Indeed I was able to repeat on Windows 5.0.37 but not anymore with
Windows server built from source some days ago:

Welcome to the MySQL monitor.  Commands end with ; or \g.
Your MySQL connection id is 1
Server version: 5.0.37-community-nt MySQL Community Edition (GPL)

Type 'help;' or '\h' for help. Type '\c' to clear the buffer.

mysql> create database sps740 ;
Query OK, 1 row affected (0.05 sec)

mysql> use sps740 ;
Database changed
mysql> grant all on sps740.* to 'spsadmin740'@'localhost' ;
ERROR 1133 (42000): Can't find any matching row in the user table
mysql>

Microsoft Windows [versão 6.0.6000]
Copyright (c) 2006 Microsoft Corporation. Todos os direitos reservados.

c:\>cd build

c:\build>cd 5.0

c:\build\5.0>bin\mysql -uroot
Welcome to the MySQL monitor.  Commands end with ; or \g.
Your MySQL connection id is 1
Server version: 5.0.40 Source distribution

Type 'help;' or '\h' for help. Type '\c' to clear the buffer.

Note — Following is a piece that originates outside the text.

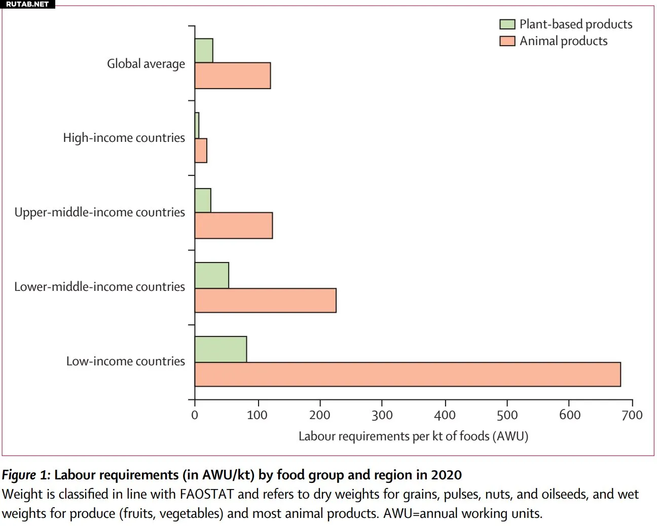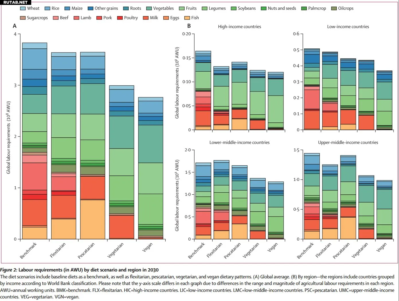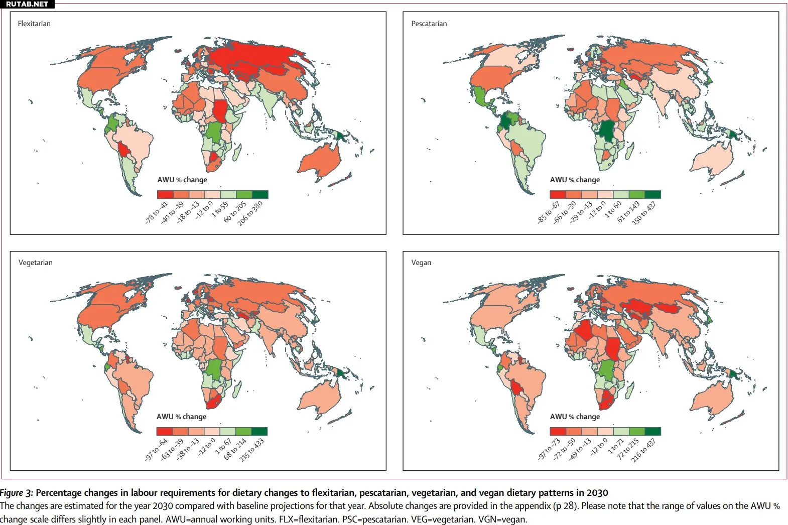 Согласно исследованию, опубликованному в The Lancet Planetary Health, более широкое распространение растительных диет может сократить глобальные потребности в сельскохозяйственной рабочей силе на 5–28% к 2030 году. Это эквивалентно потере 18–106 миллионов рабочих мест с полной занятостью, в основном из-за снижения спроса на животноводческую продукцию.

mysql> create database sps740 ;
Query OK, 1 row affected (0.01 sec)

mysql> use sps740 ;
Database changed
mysql> grant all on sps740.* to 'spsadmin740'@'localhost' ;
Query OK, 0 rows affected (0.00 sec)

mysql>

Thank you Miguel! So what does this mean: is this a regression in this particular version? What should be then the default behavior (i.e. what should we expect for future versions?)

This is even more confusing!

I got "ERROR 1133 (42000) at line 3: Can't find any matching row in the user table" when using Grant with a password when the user was *already* in the user table!

I took me half an hour to figure out what the problem was!

In this case the message is the opposite of what it should be.